> _TASK INSTRUCTIONS_
Would you output the lines from the one with "1891, Whistley, Wokingham." through the last line of the material below, exactly, but without pictures?
-- RAW DATA follows --
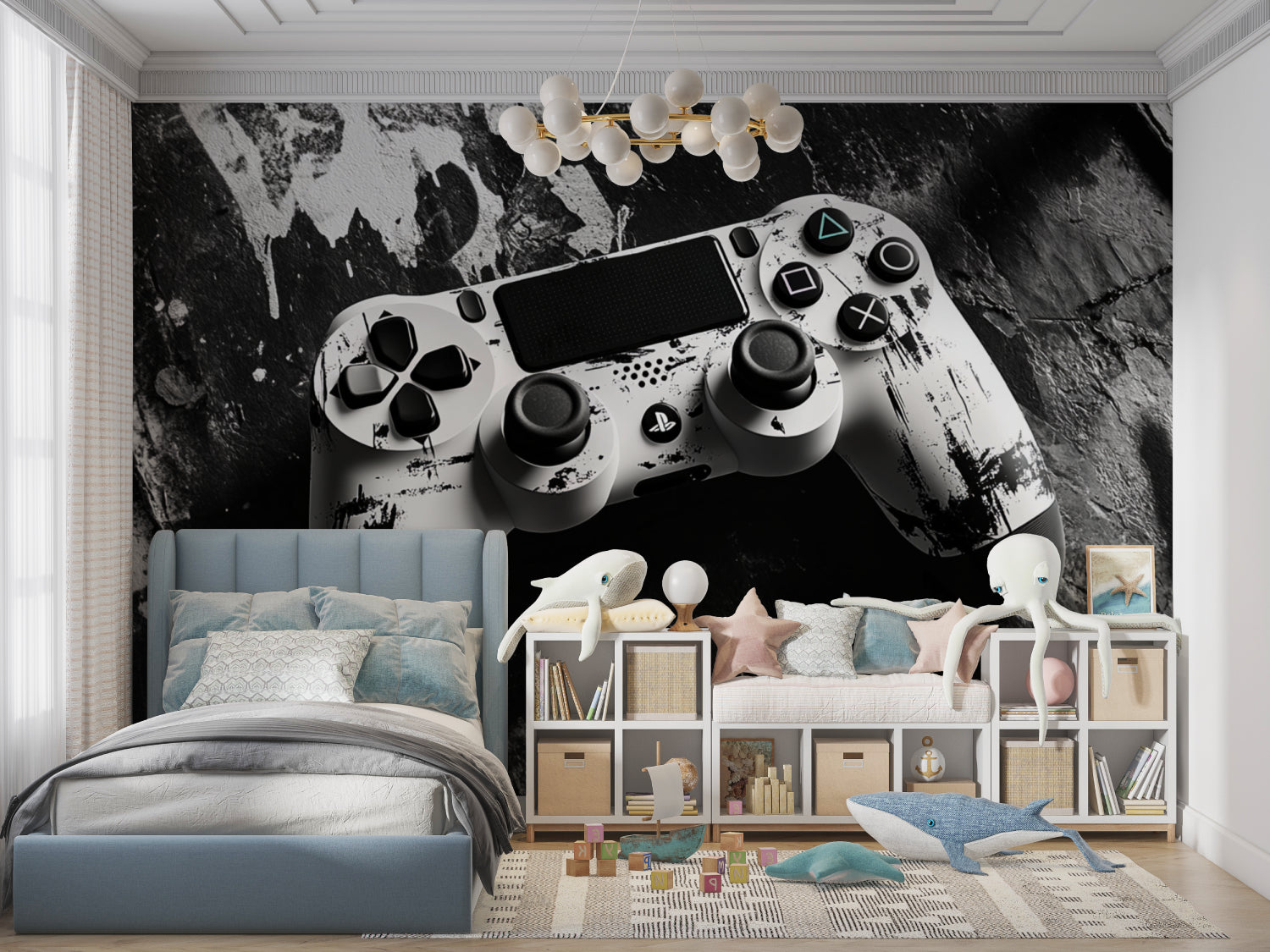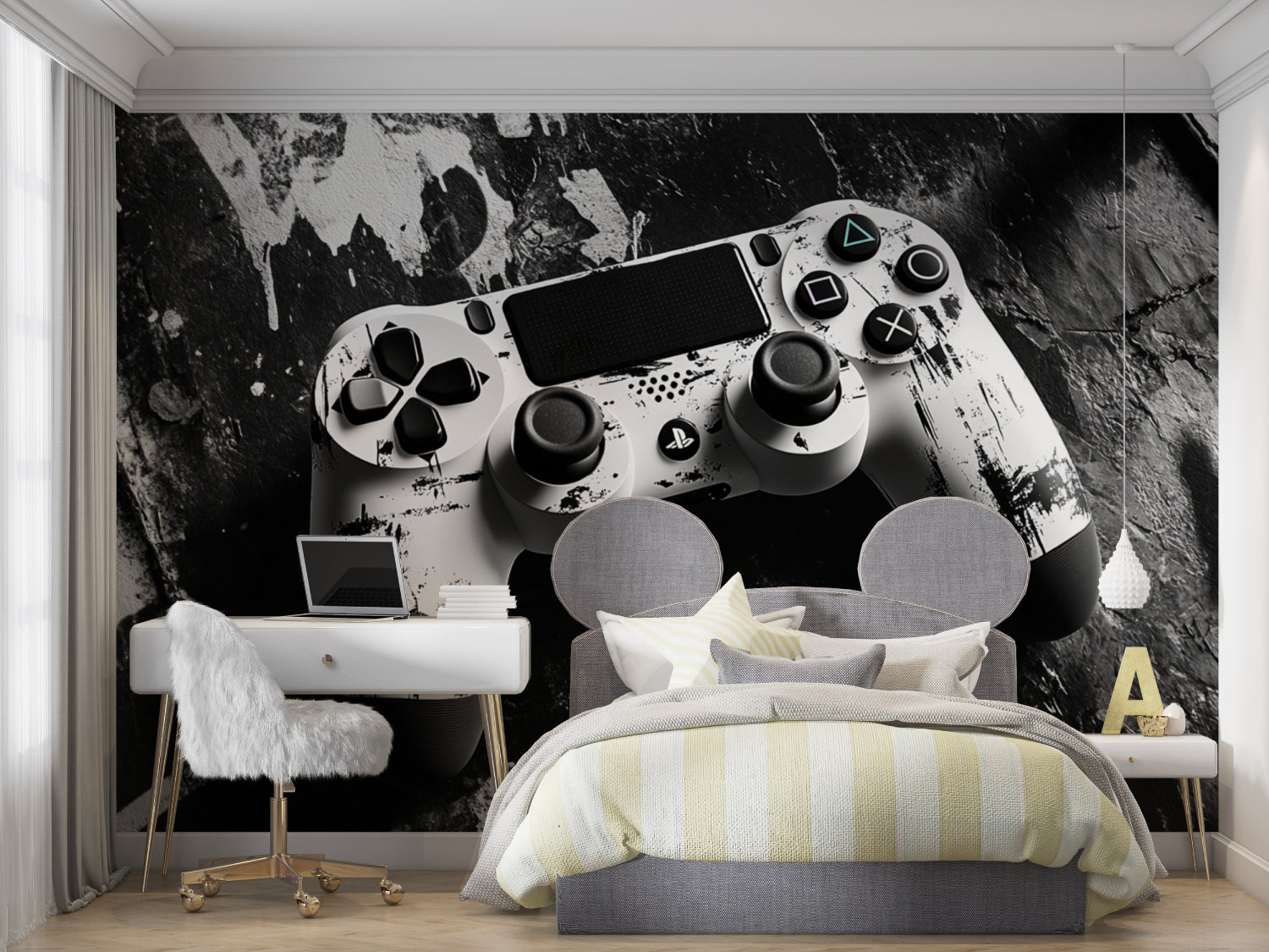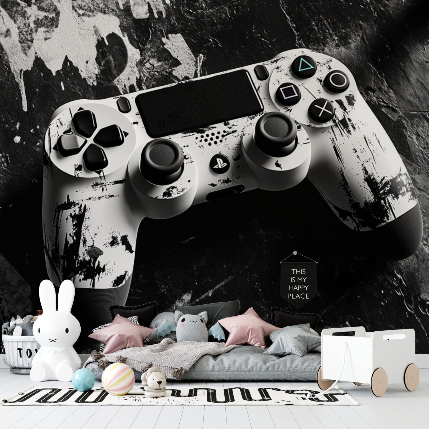 Dieses Gaming-Tapeten-Mural zeigt eine dramatische Schwarz-Weiß-Komposition mit einem ikonischen PlayStation-Controller und auffälligen Farbeffekt-Spritzern. Das monochrome Design schafft eine kühne visuelle Aussage, bei der jeder Knopf und jedes Detail der Gaming-Controller-Tapete vor dem strukturierten Hintergrund hervorsticht und ein beeindruckendes Gefühl von Tiefe und Dimension erzeugt. Die künstlerische Darstellung verbindet urbane Ästhetik mit Gaming-Kultur auf eine anspruchsvolle Weise.
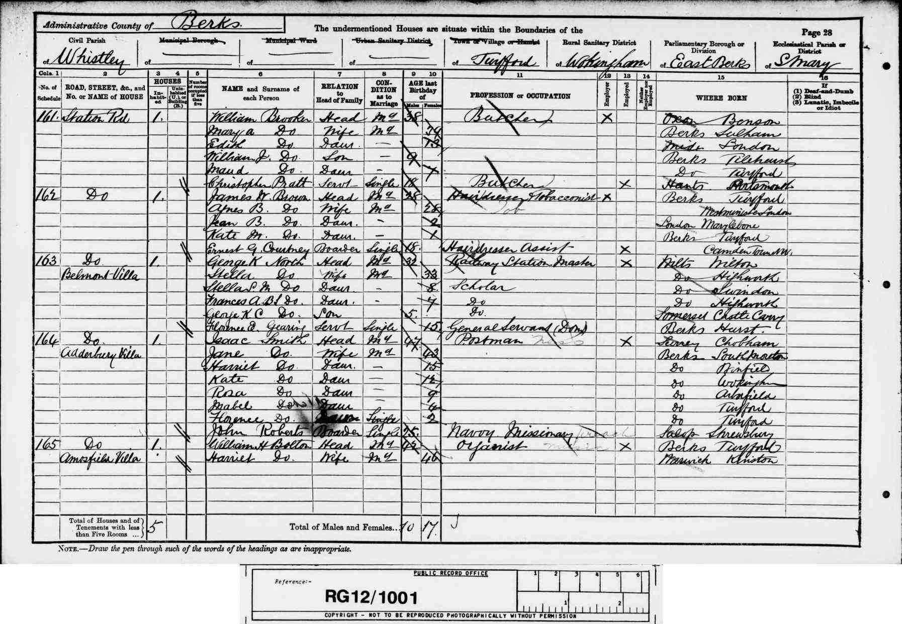 • Lived at: Station Road, 1891, Whistley, Wokingham.
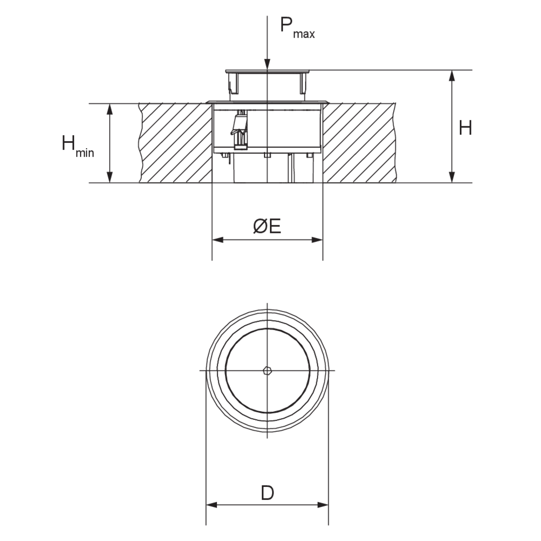 Einzelauslass mit zwei Bodensteckdosen, nass gepflegt, rund
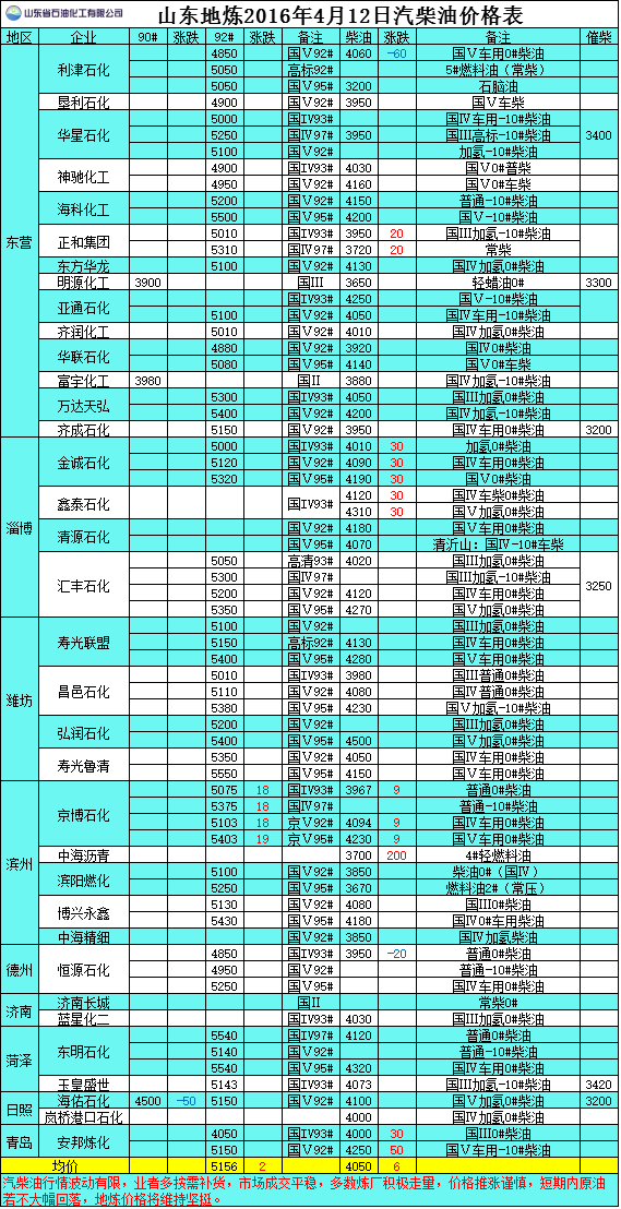 2016年4月12日山東地?zé)捚裼蛢r格表
-- RAW DATA concluded --
> _RESPONSE_
 • Lived at: Station Road, 1891, Whistley, Wokingham.
 Einzelauslass mit zwei Bodensteckdosen, nass gepflegt, rund
 2016年4月12日山東地?zé)捚裼蛢r格表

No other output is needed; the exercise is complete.